Saturday, October 19, 2013

Literature and Loss: Wave

I am currently taking an elective for graduate school called Death Education.  It sounds off-putting and dark, but was described for me as a class that every teacher should take.  It also meets for two weekends, so with those two endorsements, instead of trekking up to Teachers College once a week from Brooklyn, I decided to enroll.  One of the first topics we discussed together was the emotional impact of loss of any kind: from an object to moving, divorce to faith, confidence to health and of course the death of loved ones.

There is freedom in the angle with which we approach our research assignments and projects, so I am approaching the topic through the lens of what I do: an English teacher.  My thinking has been mostly applied to the treatment of death in young adult literature and the impact it has on its readers and my conclusion has been that young adults need to have access to books by trusted authors about death and loss because not only do they teach so much about life and loss.  Books I've referenced with my students are ones like Bridge to Terabithia, A Monster Calls, Counting by Sevens and the Harry Potter series. Revisiting these titles has taught me so much about grief and emotional endurance and survival, especially as we are dealing with the tragic loss of one of their classmates.

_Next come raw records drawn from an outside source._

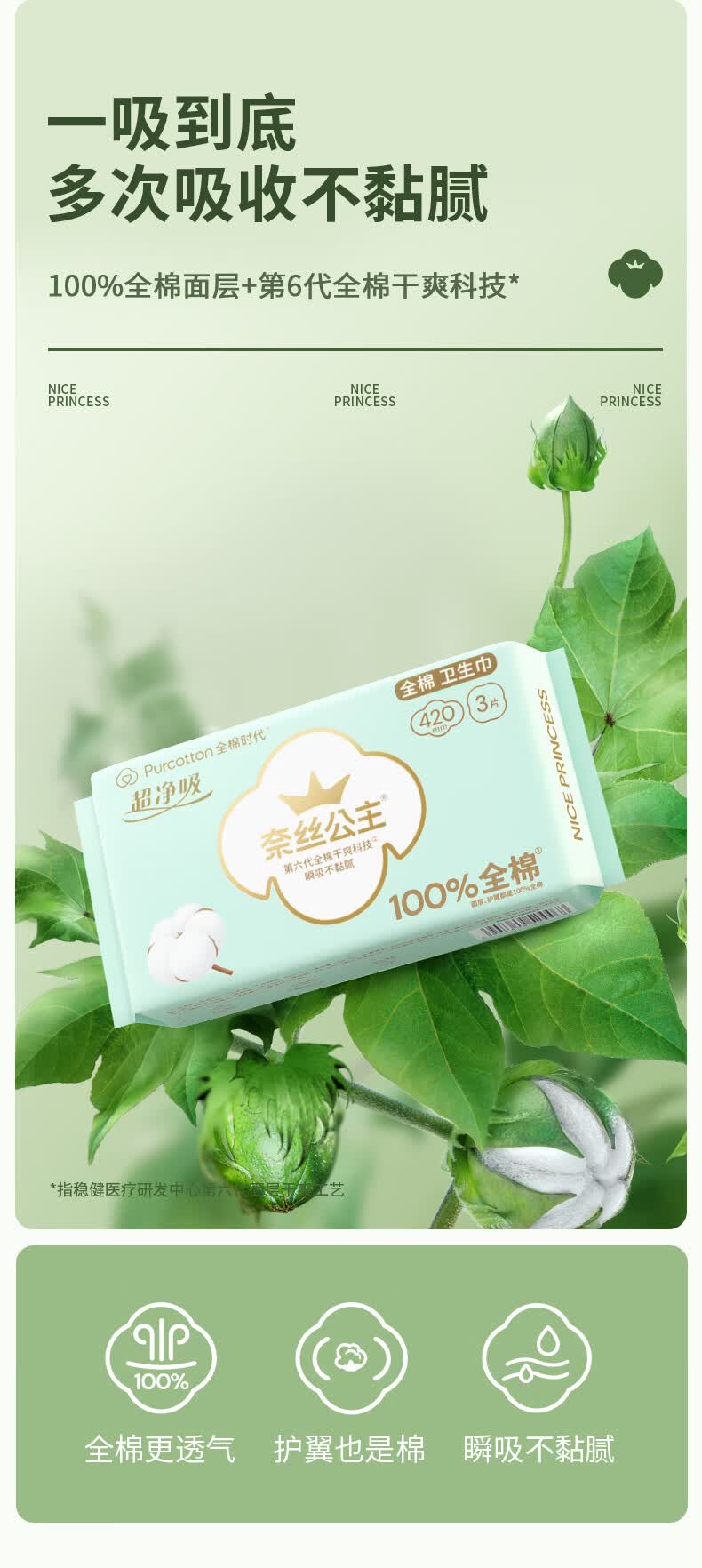 全棉时代奈丝公主超净吸系列卫生巾 420mm 3片*36包
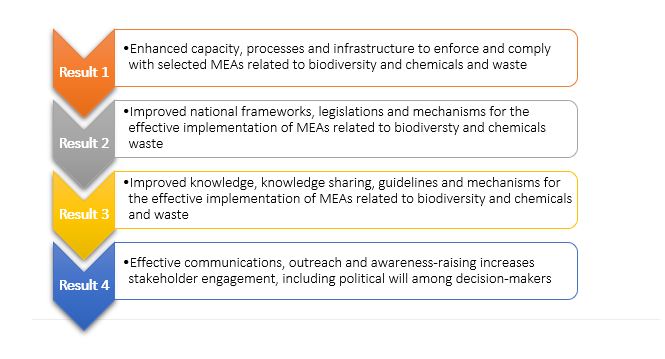 The specific objective is to strengthen the implementation of MEAs in the chemicals and waste and biodiversity clusters at the national and regional levels in ACP countries through the development of stronger compliance and enforcement measures. This will contribute to support ACP countries in addressing the challenges associated with the sound management of chemicals and waste, and loss of biodiversity.
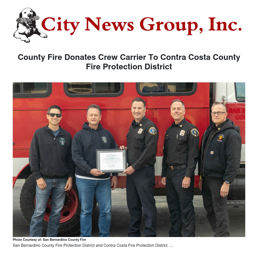 The San Bernardino County Fire Protection District (SBCoFPD) had the honor of donating a surplus 2007 Crew Carrier to the Contra Costa County Fire Protection District (CCCoFPD) in Northern California.
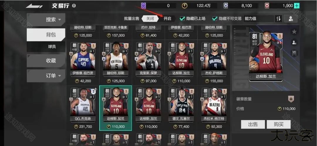 ④背包上方可以开启批量出售,选中不同的球员同时上架出售,提高效率
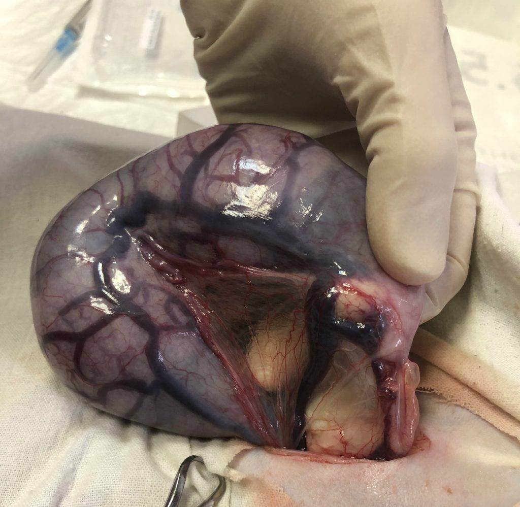 - Во время беременности возможна кастрация – удаление всех детородных и репродуктивных органов. Это объясняется увеличенной маткой, в которой увеличиваются размеры кровеносных сосудов. Подобное распространяется и на маточные трубы. В результате операции ветеринар рискует повредить яичники, спровоцировать обильную кровопотерю, поэтому специалисты берутся только за кастрацию во время беременности.
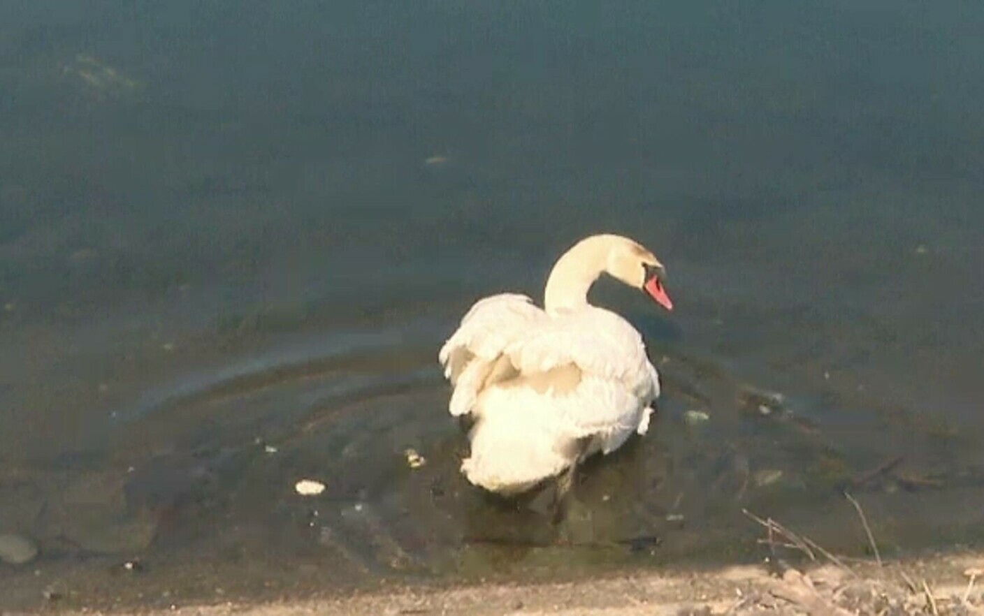 O lebădă a fost salvată la Târgu Jiu, după ce a fost găsită în apropierea unui lac, epuizată, în prag de hipotermie.
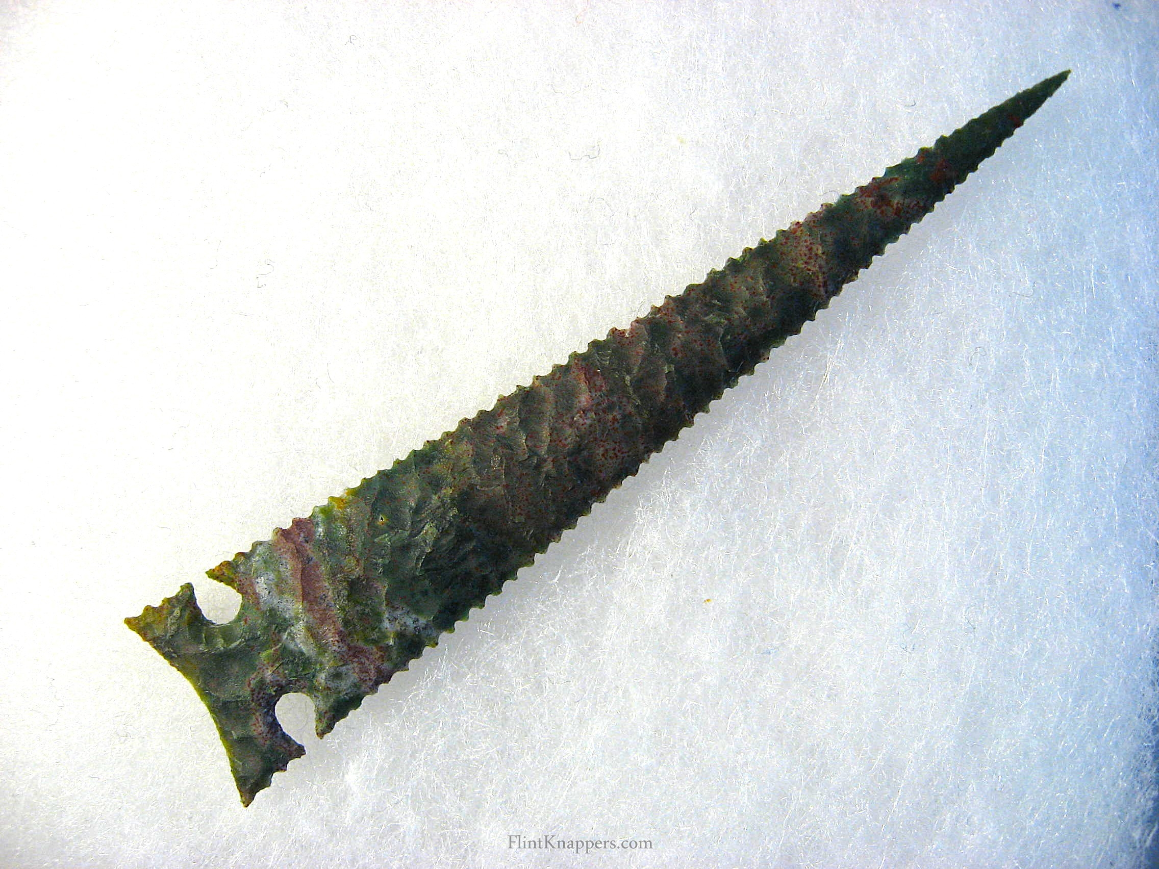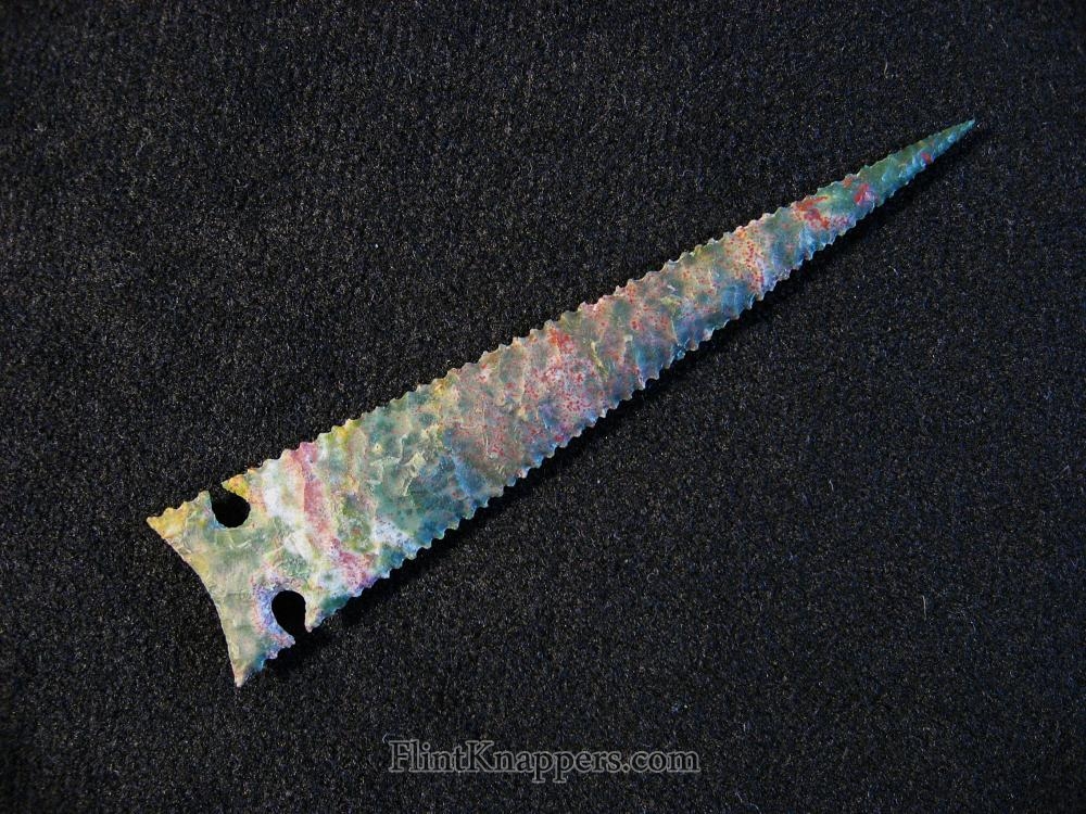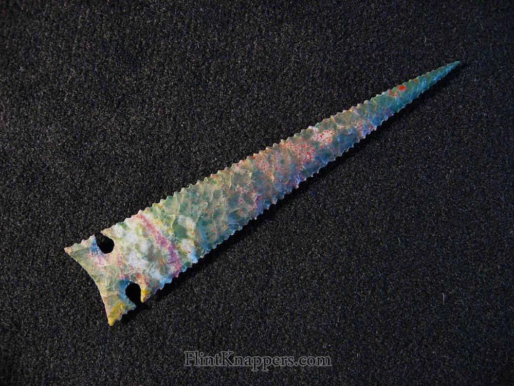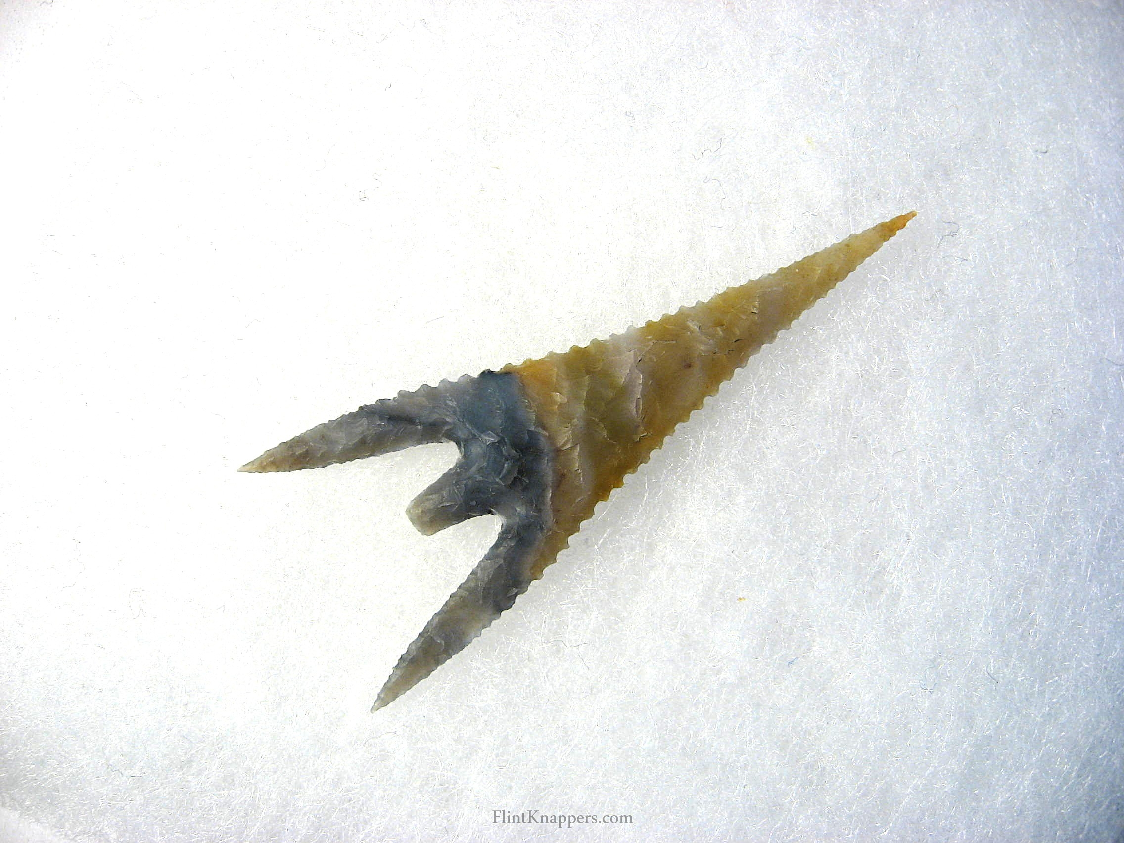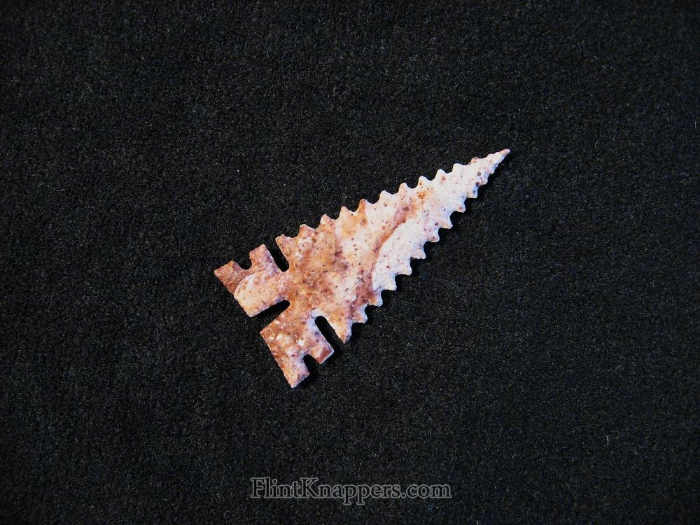 Small side notch arrowpoint made from Oregon plume agate. Translucent material with small orange and yellow colored plumes. Fine little point. |
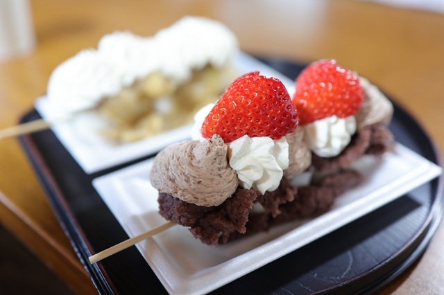 ぐっと寄っているので後ろの芋クリーム団子は大きくボケています。
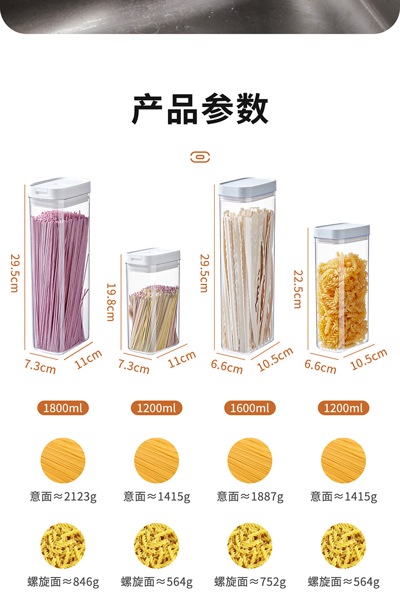面条收纳盒食品级装挂面筒意面桶放储物塑料空瓶子五谷杂粮密封罐
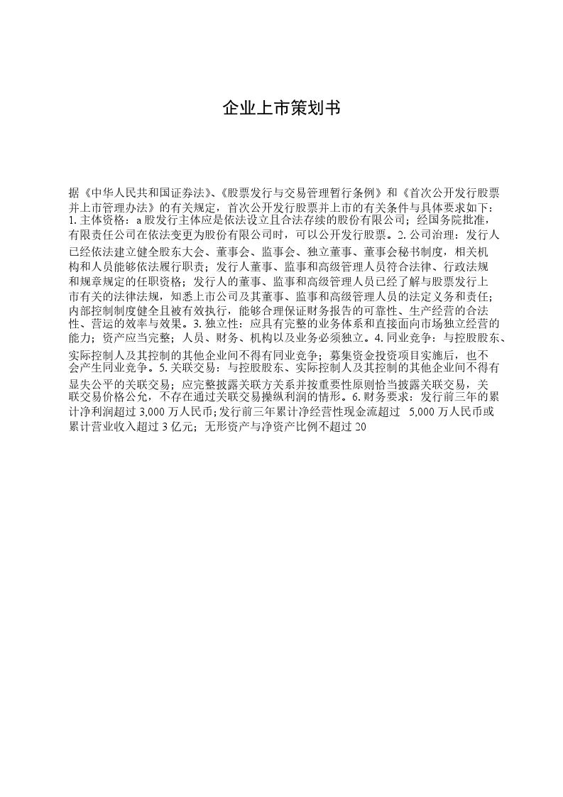 据《中华人民共和国证券法》、《股票发行与交易管理暂行条例》和《首次公开发行股票并上市管理办法》的有关规定,首次公开发行股票并上市的有关条件与具体要求如下:1.主体资格:a股发行主体应是依法设立且合法存续的股份有限公司;经国务院批准,有限责任公司在依法变更为股份有限公司时,可以公开发行股票。2.公司治理:发行人已经依法建立健全股东大会、董事会、监事会、独立董事、董事会秘书制度,相关机构和人员能够依法履行职责;发行人董事、监事和高级管理人员符合法律、行政法规和规章规定的任职资格;发行人的董事、监事和高级管理人员已经了解与股票发行上市有关的法律法规,知悉上市公司及其董事、监事和高级管理人员的法定义务和责任;内部控制制度健全且被有效执行,能够合理保证财务报告的可靠性、生产经营的合法性、营运的效率与效果。3.独立性:应具有完整的业务体系和直接面向市场独立经营的能力;资产应当完整;人员、财务、机构以及业务必须独立。4.同业竞争:与控股股东、实际控制人及其控制的其他企业间不得有同业竞争;募集资金投资项目实施后,也不会产生同业竞争。5.关联交易:与控股股东、实际控制人及其控制的其他企业间不得有显失公平的关联交易;应完整披露关联方关系并按重要性原则恰当披露关联交易,关联交易价格公允,不存在通过关联交易操纵利润的情形。6.财务要求:发行前三年的累计净利润超过3,000万人民币;发行前三年累计净经营性现金流超过5,000万人民币或累计营业收入超过3亿元;无形资产与净资产比例不超过20
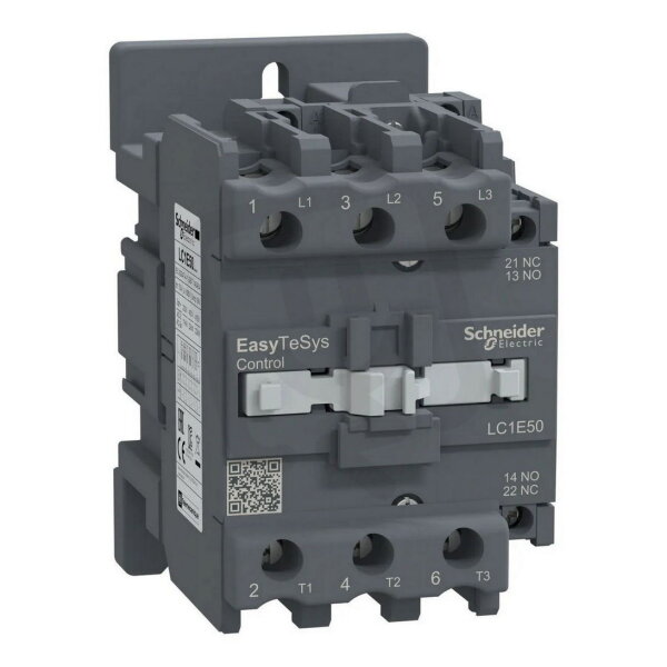 Stykač Easy TeSys Control 3 póly pro motorové aplikace do 50A 30kW@440V. Je vybaven cívkou na střídavý proud a 24V 50/60Hz AC , bez vestavěného pomocného kontaktu, připojením napájení a ovládání pomocí šroubových svorek. Šířka 75 mm pro standardní provozní rychlost až 1200 cyklů za hodinu. Zajišťuje standardní spolehlivost a odolnost s elektrickou životností 0.9 mil. cyklů AC-3 a mechanickou životností 5 mil. cyklů. Může pokrýt pracovní teplotu od -5 °C do 55 °C a montuje se na lištu DIN, bez omezení až do nadmořské výšky 3000 m. Certifikováno více normami (IEC, CCC, EAC) a splňuje požadavky Green Premium (RoHs/Reach).
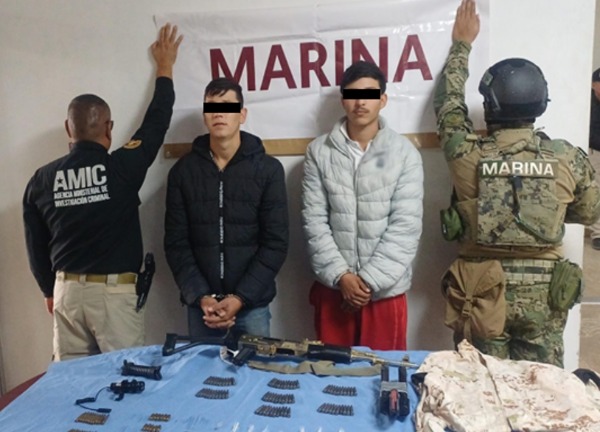 En otra acción en el mismo municipio, se detuvo a dos personas, se aseguró un arma de fuego larga, tres cargadores, 129 cartuchos, dosis de cristal y un vehículo.
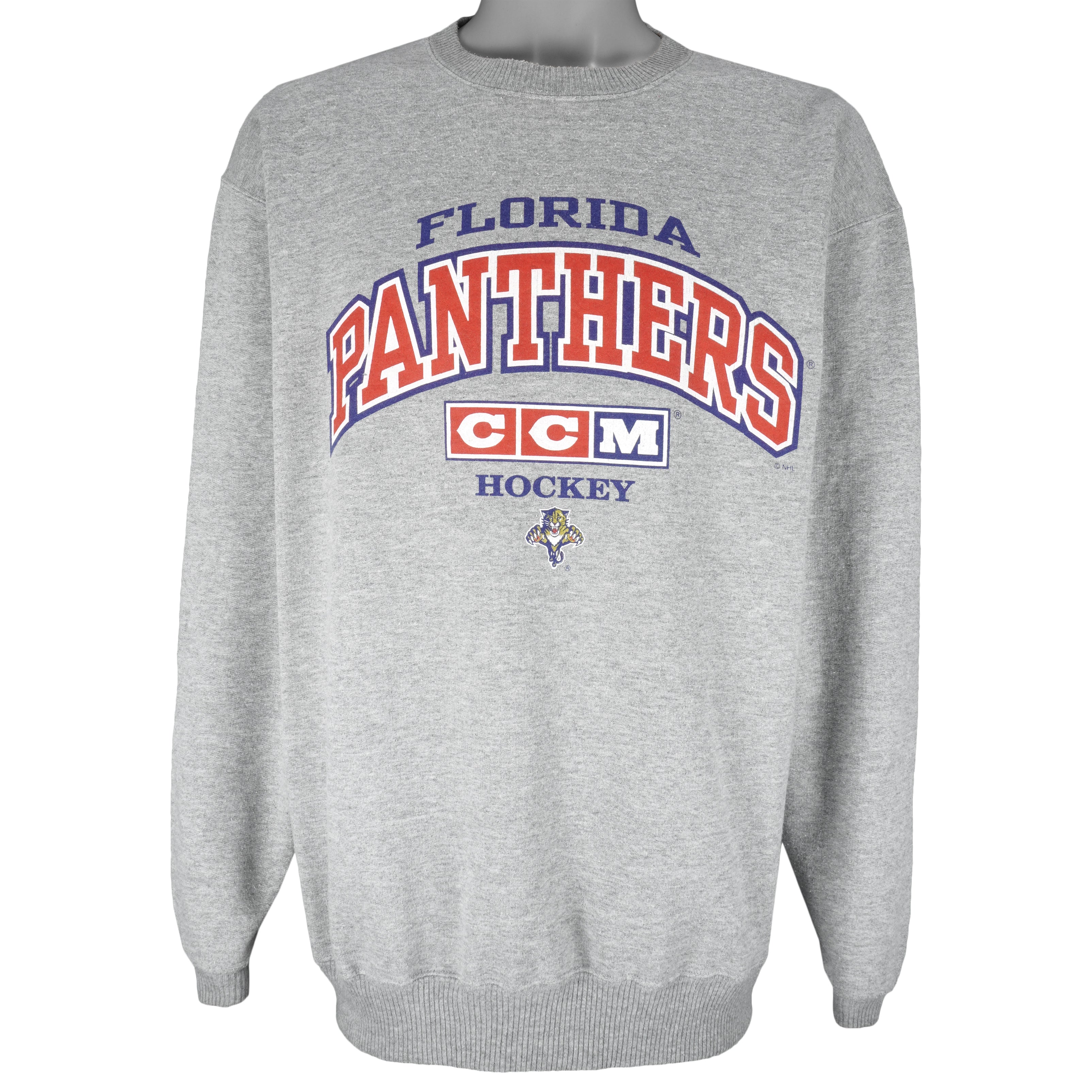 1990s Vintage NHL Florida Panthers Spell-out Crewneck sweatshirt by CCM. Grey​ in color, tag is medium but fitting like large size and is in excellent condition.

Meanwhile, I just finished reading the highly acclaimed memoir by Sonali Deraniyagala, Wave, which chronicles her story of grief after losing her two sons, husband, and both parents in the 2004 tsunami in Sri Lanka.  It is a story of such weight that I feel inept to say anything except I find it important to read and understand the stories of individuals alongside the over arching stories of the tsunami as a whole. In the same way that the young adult literature I have studied provides resources for my students, this book walks its reader through loss at its most intense--and rather than feeling like a voyeur of someone else's hurt, it caused me to connect deeply with what it means to be human and I'm deeply grateful for  Deraniyagala's strength to share this story with us.  It was as significant a read to me as Joan Didion's Year of Magical Thinking.

At this point, all I can say is I'm thankful.

I am thankful to authors who courageously write through their experience and share it so readers can be changed by their examination and process. I am thankful to authors whose writing enables me to understand humanity: my own and that of each of the living souls around me.  I am thankful to authors who write about the hardest things so I can glean some of their courage when I face them myself.  I am thankful to story and its ability to help us heal.